In the following, the performance of all three networks has been studied on similar images.

In Fig. 4a, b are shown two images of the class false_positive which are given to the input of each of the three networks. The CNN-1 neural network places these images correctly in the false_positives class. But the class is marked by true_negatives multilayer perceptron, and the value of \( sigma \) in these images is as follows:

Fig. 4
figure 4

a, b, c, d SAR images of false_positives class that are tested by the hybrid neural network proposed in this article

$$ \begin{aligned} sigma_{\text{CNN-1}} = 0.66,sigma_{\rm MLP} = 0.19 {\mathop{\longrightarrow}\limits^{(12)}}class = class_{\text{CNN-1}} = {\rm false}\_{\rm positives} \hfill \\ sigma_{\text{CNN-1}} = 0.499,sigma_{\rm MLP} = 0.3 {\mathop{\longrightarrow}\limits^{(12)}}class = class_{\text{CNN-1}} = {\rm false}\_{\rm positives} \hfill \\ \end{aligned} $$

Given the high values and placement of them in formula (12), the class specified for both images by the hybrid network of the same class is CNN-1. It can be seen that value of \( sigma_{\text{MLP}} \) for these images is small, indicating a low level of confidence in the MLP response to these images.

Images in Fig. 4c, d are also in the false_positives class, the CNN-1 response to these ship_positives images and the MLP response is false_positive, and the value of \( sigma \) for these images is as follows:

$$ \begin{aligned} sigma_{\text{CNN-1}} = 0.56,sigma_{\rm MLP} = 0.66{\mathop{\longrightarrow}\limits^{(12)}}class = class_{\rm MLP} = {\rm false}\_{\rm positives} \hfill \\ sigma_{\text{CNN-1}} = 0.31,sigma_{\rm MLP} = 0.67{\mathop{\longrightarrow}\limits^{(12)}}class = class_{\rm MLP} = {\rm false}\_{\rm positives} \hfill \\ \end{aligned} $$

On the right side image, value of \( sigma_{{{\text{CNN-}}1}} \) is 0.56, which is not a low value, but according to the formula (12), since \( \alpha < sigma_{{{\text{CNN-}}1}} < \beta ,sigma_{{{\text{CNN-}}1}} < sigma_{\text{MLP}} \), MLP result is considered as the output. The image on the left, \( sigma_{\text{CNN-1}} = 0.31 \), which shows low level of confidence for CNN-1 about the class of this image.

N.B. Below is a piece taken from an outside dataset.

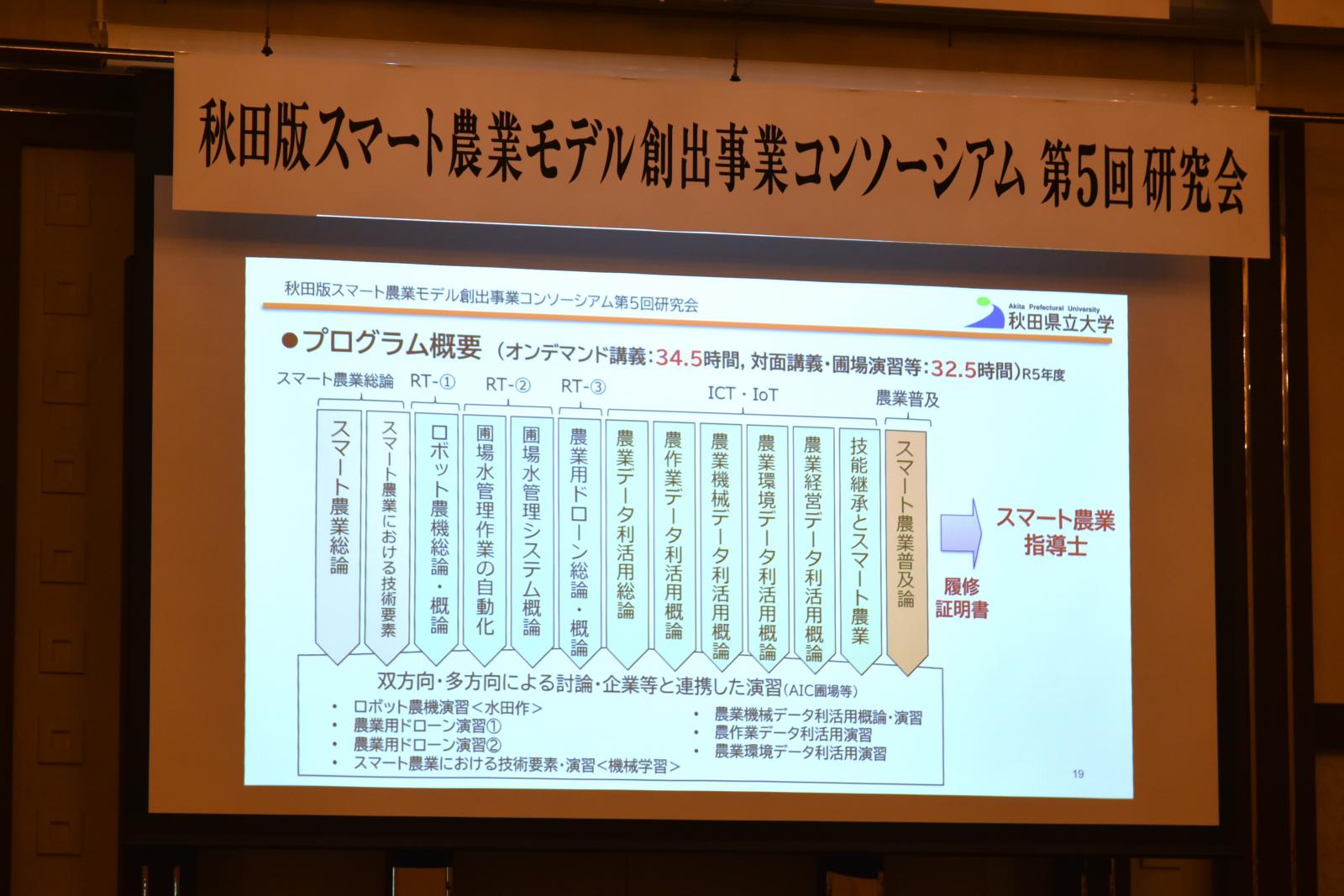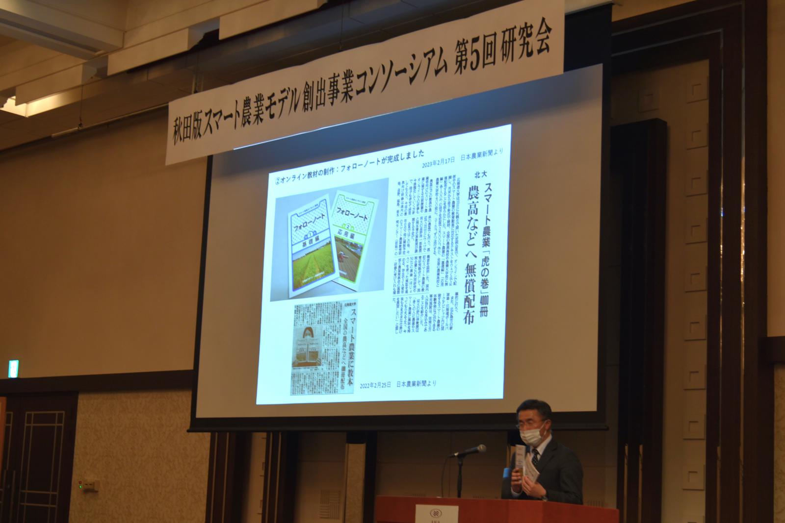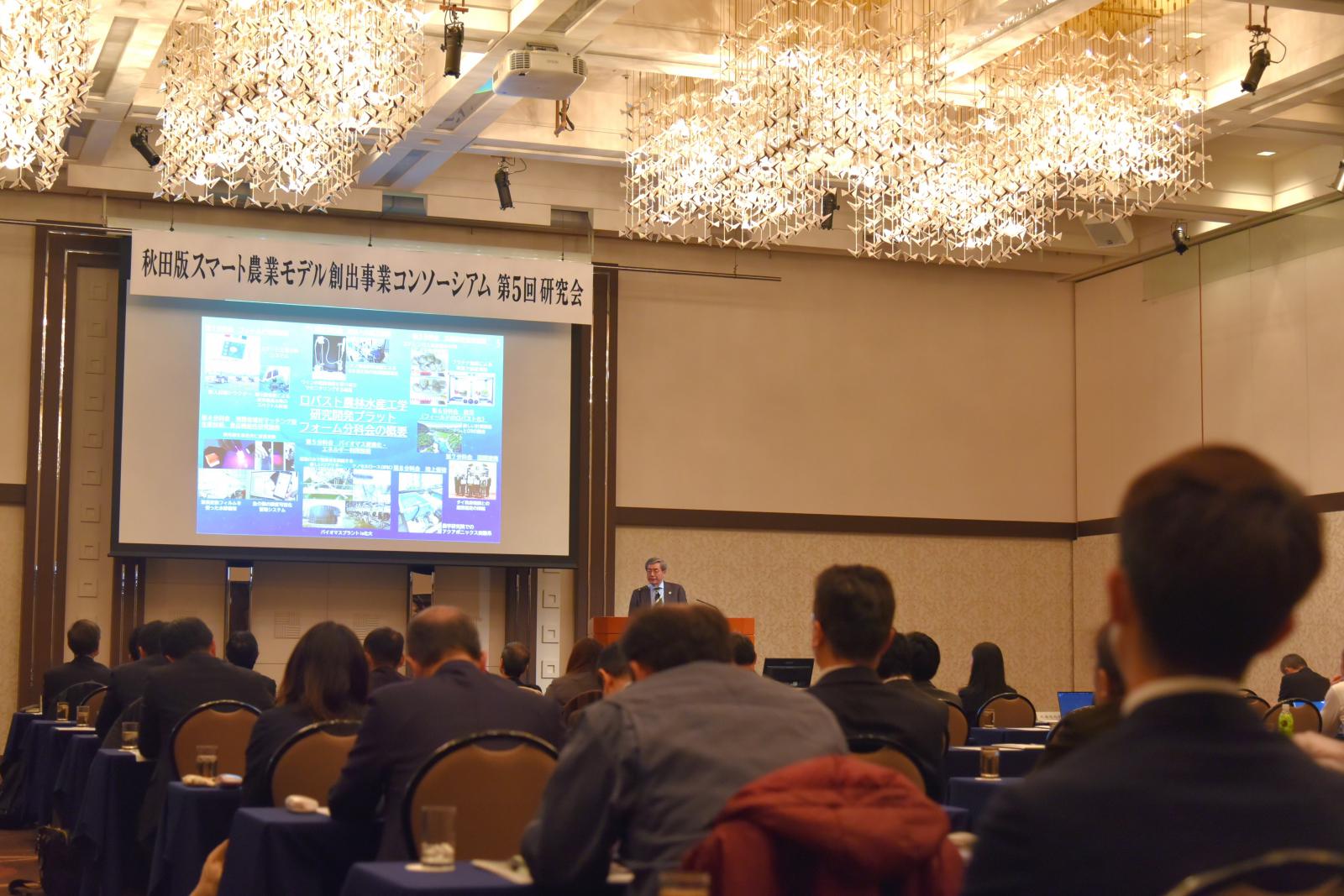 令和5年12月14日(木)秋田市のANAクラウンプラザホテルにて、「秋田版スマート農業モデル創出事業コンソーシアム 第5回研究会」を開催し、コンソーシアム会員のほか、高校の農業関係教員など75名が参加しました。
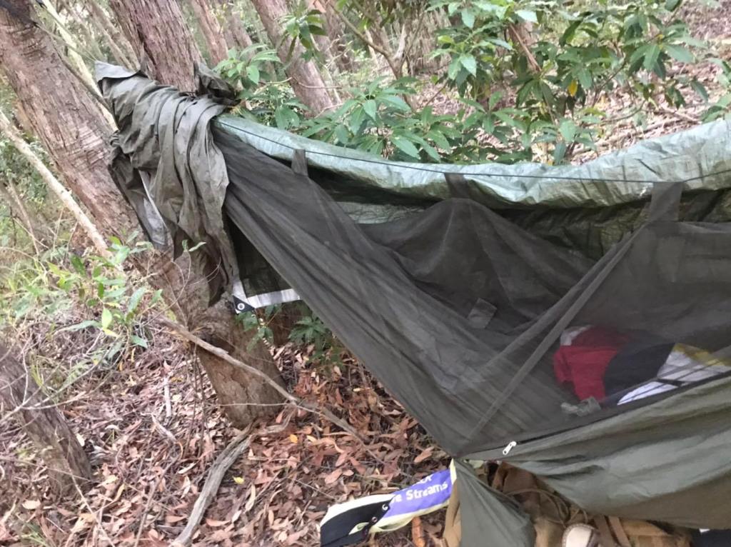 I spent about an hour in the late afternoon looking for an optimal campsite, and found a good, discrete patch of bush that wasn’t too heavily grassed or had too much undergrowth (that, because of snakes and other pests). I also was watchful for other hazards like falling branches.

In Fig. 5a, b are shown two images of class ship_positives which are given as input to all three networks, CNN-1 result for these images is false_positives and MLP result is ship_positives, and value of \( sigma \) is as follows:

Fig. 5
figure 5

a, b, c, d SAR images of ship_positives class that are tested by the hybrid neural network proposed in this article

$$ \begin{aligned} sigma_{\text{CNN-1}} = 0.49,sigma_{\rm MLP} = 0.65{\mathop{\longrightarrow}\limits^{(12)}}class = class_{\rm MLP} = {\rm ship}\_{\rm positives} \hfill \\ sigma_{\text{CNN-1}} = 0.12,sigma_{\rm MLP} = 0.61{\mathop{\longrightarrow}\limits^{(12)}}class = class_{\rm MLP} = {\rm ship}\_{\rm positives} \hfill \\ \end{aligned} $$

In Fig. 5c, d are from ship_positives class, CNN-1 results in ship_positives class, and MLP results in false_positive class, and the value of \( sigma \) is as follows:

$$ \begin{aligned} sigma_{\text{CNN-1}} = 0.52,sigma_{\rm MLP} = 0.41{\mathop{\longrightarrow}\limits^{(12)}}class = class_{\text{CNN-1}} = {\rm ship}\_{\rm positives} \hfill \\ sigma_{\text{CNN-1}} = 0.65,sigma_{\rm MLP} = 0.67{\mathop{\longrightarrow}\limits^{(12)}}class = class_{\text{CNN-1}} = {\rm ship}\_{\rm positives} \hfill \\ \end{aligned} $$

According to the above calculations on the right image \( sigma_{{{\text{CNN-}}1}} = 0.65,\,sigma_{\text{MLP}} = 0.67 \), both CNN-1 and MLP networks have a high confidence level, but given the CNN-1 preference, the output response is the same as the CNN-1 response.

Conclusion

In this paper, a method of working from two neural networks, a CNN-1 convolutional network and a multilayer MLP perceptron, was presented, and then a hybrid method of these two networks to take advantage of the positive characteristics of each of them has been suggested. With respect to the accuracy parameters, it is clear that the multilayered perceptron has a weaker performance than CNN-1; however, when it is hybrid with CNN-1, it will improve the accuracy parameters. The convolutional neural network also does not work well in cases where the boundary of the object is not well defined; in which case, the hybrid of CNN with multilayer perceptron based on the characteristics of the trained image has solved this problem.